**What is required:** Return only the lines from the one that contains "Теплообменник трубного типа." through the last line of the records below, exactly as they stand. Pictures are not part of the copy.
--- Material for this task ---
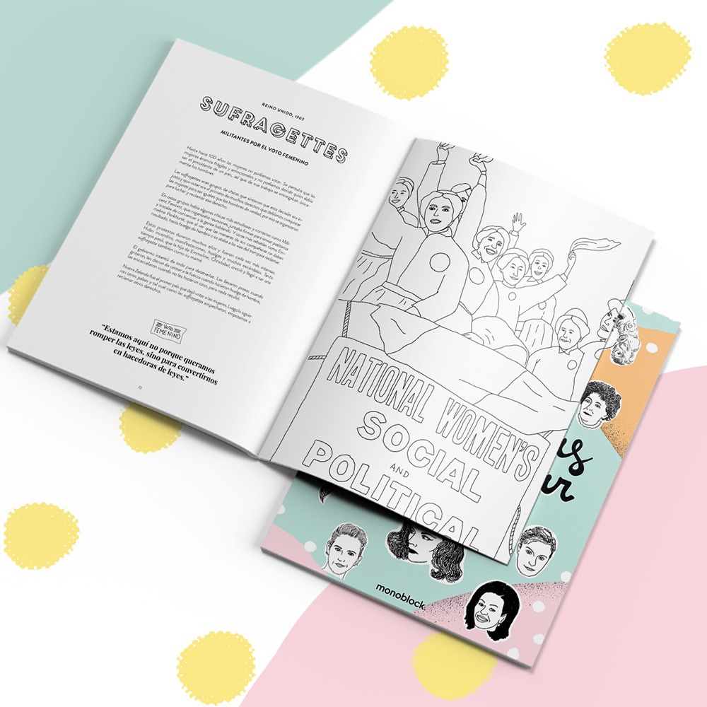 Ilustración digital para libro infantil “Feministas para colorear” Monoblock, 2017.
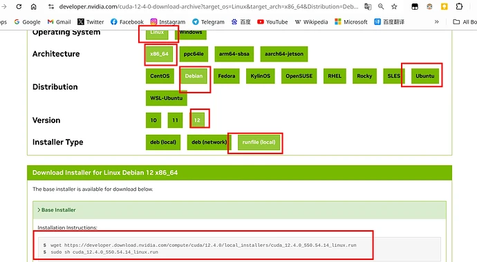 我是Debian12,所以选择了Debian12 ,(你是Ubuntu要选择Ubuntu)如下图所示,建议选择runfile文件进行安装。
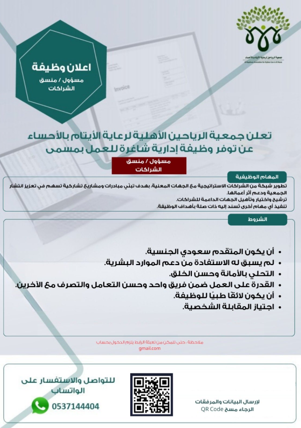 اعلان جمعية الرياحين الأهلية لرعاية الأيتام بالأحساء وظيفة مسؤول / منسق الشراكات
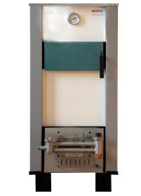 Теплообменник трубного типа. В топке котла расположено горизонтально 18 труб диаметром 32 мм, связанных с рубашкой котла. Котел изготовлен из стали 4 мм, что увеличивает срок службы котла до 20 лет. КПД котла не менее 85%. Котел комплектуется автоматической, пятирожковой щелевого типа горелкой марки АГУ-Т-М-25 кВт. Дымоход прямоугольного типа расположен на задней стенке котла. Возможна комплектация котла переходником дымохода под вертикальную круглую трубу с устройством сажесборника.
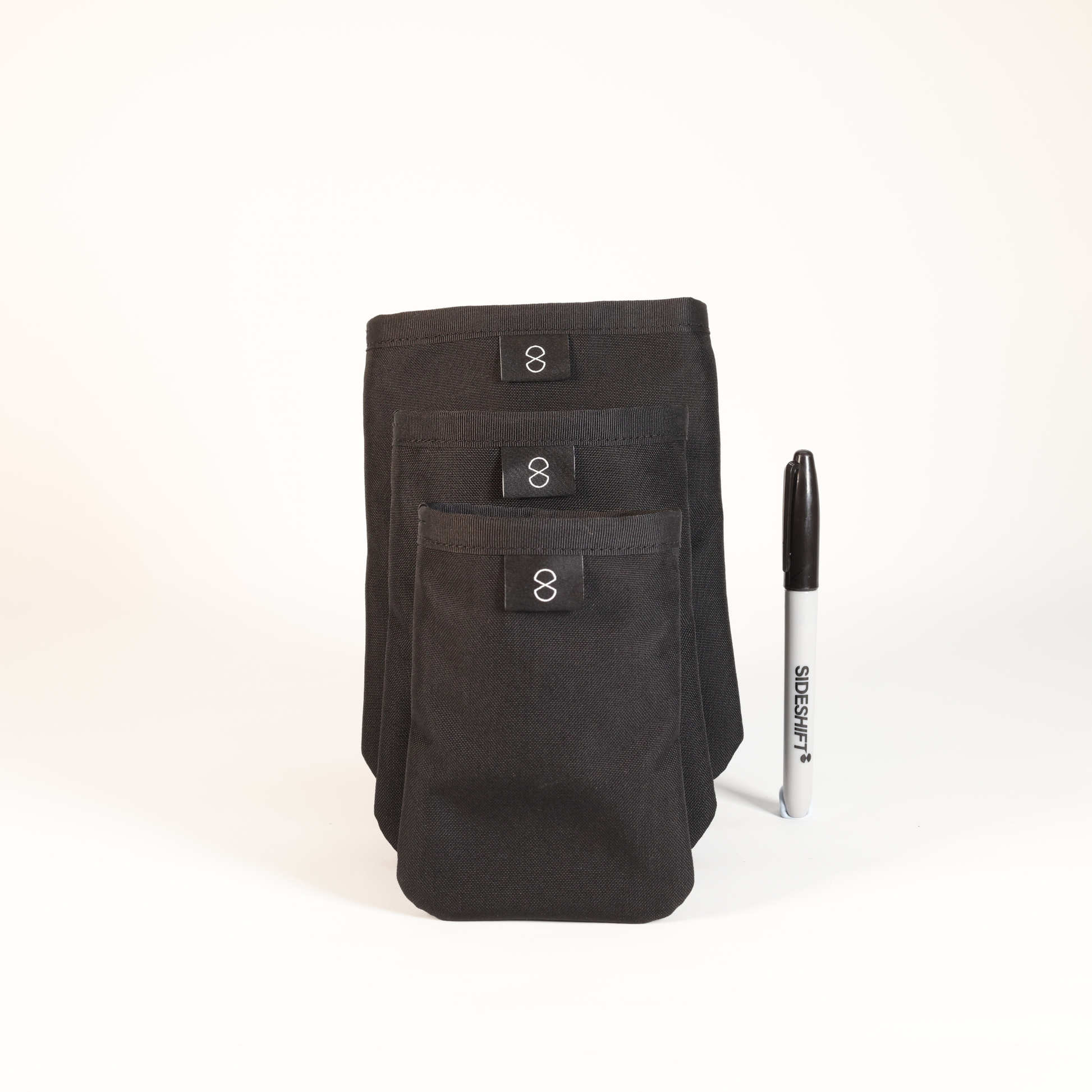 Features a small strip of hook & loop at the top of each pouch to act as an enclosure.
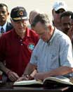 Feb 20 (Yahoo) Former presidents Bill Clinton (L) and George Bush sign a guest book upon their arrival at Colombo's International Airport February 20, 2005.
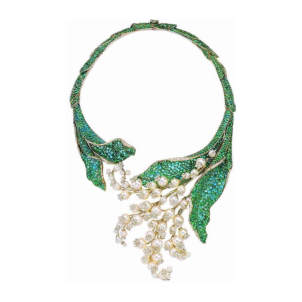 DA-JBAG99381珍珠叶花草满钻项链
---
**Output:**
 Теплообменник трубного типа. В топке котла расположено горизонтально 18 труб диаметром 32 мм, связанных с рубашкой котла. Котел изготовлен из стали 4 мм, что увеличивает срок службы котла до 20 лет. КПД котла не менее 85%. Котел комплектуется автоматической, пятирожковой щелевого типа горелкой марки АГУ-Т-М-25 кВт. Дымоход прямоугольного типа расположен на задней стенке котла. Возможна комплектация котла переходником дымохода под вертикальную круглую трубу с устройством сажесборника.
 Features a small strip of hook & loop at the top of each pouch to act as an enclosure.
 Feb 20 (Yahoo) Former presidents Bill Clinton (L) and George Bush sign a guest book upon their arrival at Colombo's International Airport February 20, 2005.
 DA-JBAG99381珍珠叶花草满钻项链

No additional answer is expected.